Digital Marketing

Online Articles: Where Do They Go?

There are websites that provide excellent platforms for authors to publish articles to express their views on various topics. They offer support and encouragement to help produce high-quality work that will attract many readers. Not only are authors helped to build a reputation, but links to the author’s website are also provided to enable interested readers to learn more or access quality products and services. Articles may also be copied and reproduced on other websites under guidelines known as the Acceptable Use Policy (AUP). Everything is fine as long as the policy is followed, but unfortunately there are many cases where it is not, and pirated copies are used to promote other authors or other websites, or to boost sales of rival products.

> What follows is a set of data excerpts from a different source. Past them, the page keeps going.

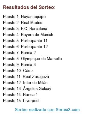 Lista de participantes: Ángeles Galaxy, Olympique de Marsella, Real Zaragoza, Bayern de Múnich, Cádiz, Real Madrid, Nayan equipo, Liverpool, F.C. Barcelona, Inter de Milán, Participante 11, Participante 12, Banca 1, Banca 2, Banca 3.
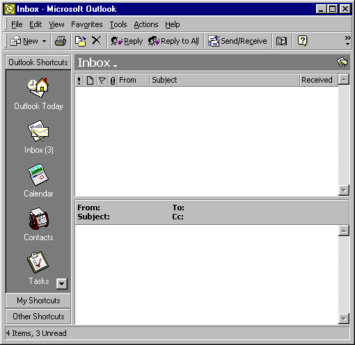 Outlook 2000When you first open Outlook 2000, it will look similiar to this. To go through the menus, click each selection on the menu bar. Click Send/Receive for sending and receiving email. Click New to create a new email to be sent. NEW!...Outlook 2000 Corporate Edition screenshots. Click here |
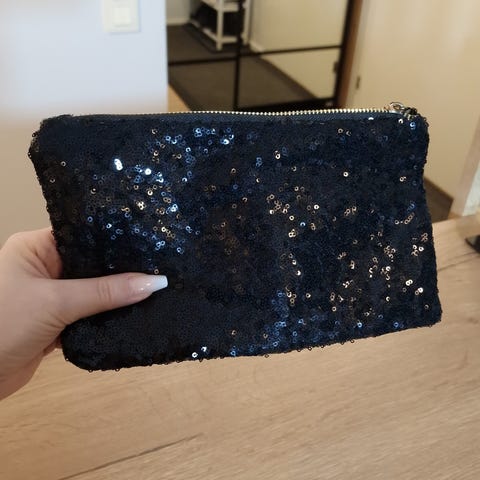 Tämä on ihana näyttävä kevyesti topattu " lompakko " kaikkeen menoon, minimini "käsilaukku", johon mahtuu juuri ne kaikkein tärkeimmät. Napakka hopeapaljetti kansi ja satiininen takaosa ja vuoritettu sisältä.

The present author recently produced a series of articles on silk dresses and plus size issues to help a friend who sells Vietnamese silk dresses in Europe. These articles were well received and attracted clicks to the corresponding website. However, the articles were quickly copied on other websites offering plus size silk dresses, some with correct attribution and some without. One was found that provided a link to the original article, but two others reproduced the article with a new author name. While this may testify to the quality of an article, it is certainly not acceptable use.

Perhaps the most annoying misuse of an author’s work is when one finds their article reproduced in some corrupt language, perhaps in an attempt to make it understood by people who only speak basic English or a local dialect. The present author has found one African and two Asian websites that have mutilated articles in this way. In such cases, you certainly don’t want to retain attribution, but you do need to control the practice.

The present author has the experience of publishing more than two hundred articles and finding them copied more than three hundred times, an average of one and a half times for each article! Even if not all of them were transferred to other websites, one must suspect that considerable bleeding is taking place. This would reflect well on both the author and the publishing website if it were done in accordance with the AUP, but in many cases this is not the case. Individual cases of abuse can be pursued through the system by perpetrators, but this is time consuming and piecemeal. Even finding the offending websites is difficult. As the number of instances runs into the hundreds, there are inevitably many that go unnoticed or unresolved. Something needs to be done to provide more effective control.

Third parties seem to be able to take articles and adapt them to their own ends, changing the attribution and even mutilating the text. This could be avoided, for example, if articles could be copied only in some form of “read-only” format, including attribution. Until something like this is possible, authors will continue to suffer at the hands of unscrupulous website owners who are willing to ignore the Acceptable Use Policy.